#### [Work to be completed]
The records that follow need to be printed exactly. Leave out each image.

#### [Data]
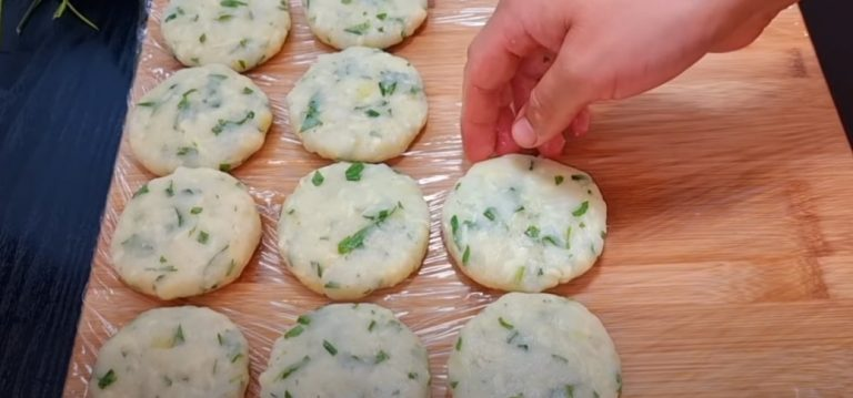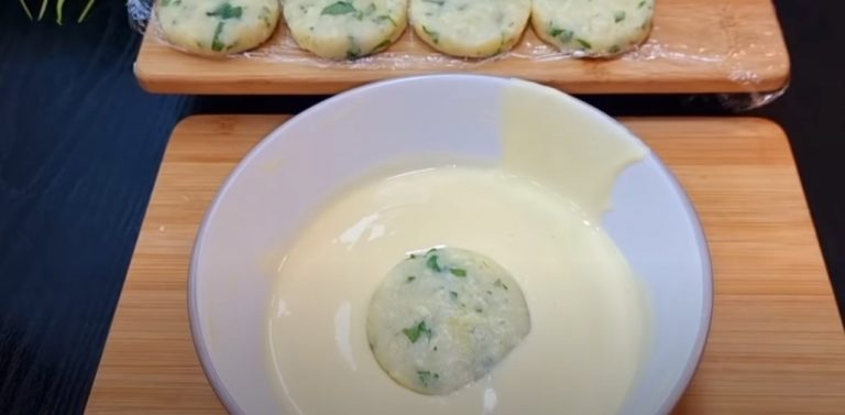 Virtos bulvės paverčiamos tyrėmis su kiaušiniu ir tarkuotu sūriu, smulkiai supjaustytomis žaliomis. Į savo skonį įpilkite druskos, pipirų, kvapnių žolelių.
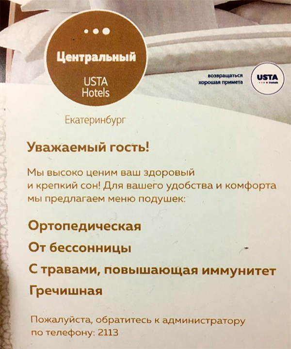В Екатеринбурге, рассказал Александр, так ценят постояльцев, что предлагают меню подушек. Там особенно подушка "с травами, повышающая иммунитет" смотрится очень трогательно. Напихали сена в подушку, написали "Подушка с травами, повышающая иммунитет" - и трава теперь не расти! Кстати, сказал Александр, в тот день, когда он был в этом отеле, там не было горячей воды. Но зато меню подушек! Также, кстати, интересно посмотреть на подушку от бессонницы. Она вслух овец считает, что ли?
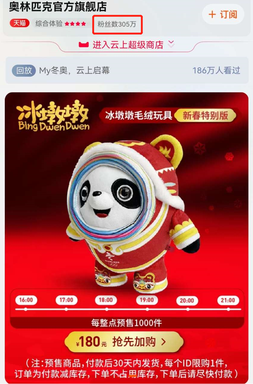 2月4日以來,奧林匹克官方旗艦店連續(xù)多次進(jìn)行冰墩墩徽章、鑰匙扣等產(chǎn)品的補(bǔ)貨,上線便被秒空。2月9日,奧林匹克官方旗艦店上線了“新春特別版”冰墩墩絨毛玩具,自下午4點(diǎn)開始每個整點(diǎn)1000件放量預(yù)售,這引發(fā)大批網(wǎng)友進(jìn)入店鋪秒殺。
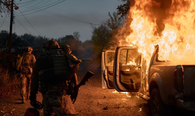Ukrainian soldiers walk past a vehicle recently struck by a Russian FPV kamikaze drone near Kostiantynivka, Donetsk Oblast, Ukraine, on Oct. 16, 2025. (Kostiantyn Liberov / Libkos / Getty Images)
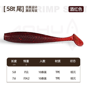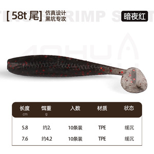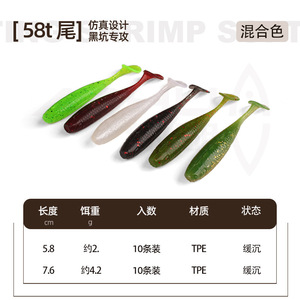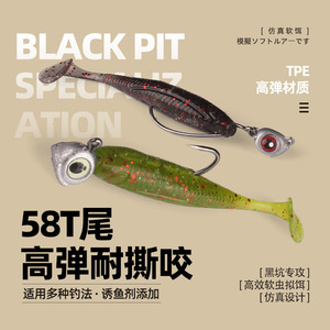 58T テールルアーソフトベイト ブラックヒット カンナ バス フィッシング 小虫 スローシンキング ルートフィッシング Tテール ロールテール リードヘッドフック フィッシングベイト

#### [Exercise response]
 Virtos bulvės paverčiamos tyrėmis su kiaušiniu ir tarkuotu sūriu, smulkiai supjaustytomis žaliomis. Į savo skonį įpilkite druskos, pipirų, kvapnių žolelių.
В Екатеринбурге, рассказал Александр, так ценят постояльцев, что предлагают меню подушек. Там особенно подушка "с травами, повышающая иммунитет" смотрится очень трогательно. Напихали сена в подушку, написали "Подушка с травами, повышающая иммунитет" - и трава теперь не расти! Кстати, сказал Александр, в тот день, когда он был в этом отеле, там не было горячей воды. Но зато меню подушек! Также, кстати, интересно посмотреть на подушку от бессонницы. Она вслух овец считает, что ли?
 2月4日以來,奧林匹克官方旗艦店連續(xù)多次進(jìn)行冰墩墩徽章、鑰匙扣等產(chǎn)品的補(bǔ)貨,上線便被秒空。2月9日,奧林匹克官方旗艦店上線了“新春特別版”冰墩墩絨毛玩具,自下午4點(diǎn)開始每個整點(diǎn)1000件放量預(yù)售,這引發(fā)大批網(wǎng)友進(jìn)入店鋪秒殺。
Ukrainian soldiers walk past a vehicle recently struck by a Russian FPV kamikaze drone near Kostiantynivka, Donetsk Oblast, Ukraine, on Oct. 16, 2025. (Kostiantyn Liberov / Libkos / Getty Images)
 58T テールルアーソフトベイト ブラックヒット カンナ バス フィッシング 小虫 スローシンキング ルートフィッシング Tテール ロールテール リードヘッドフック フィッシングベイト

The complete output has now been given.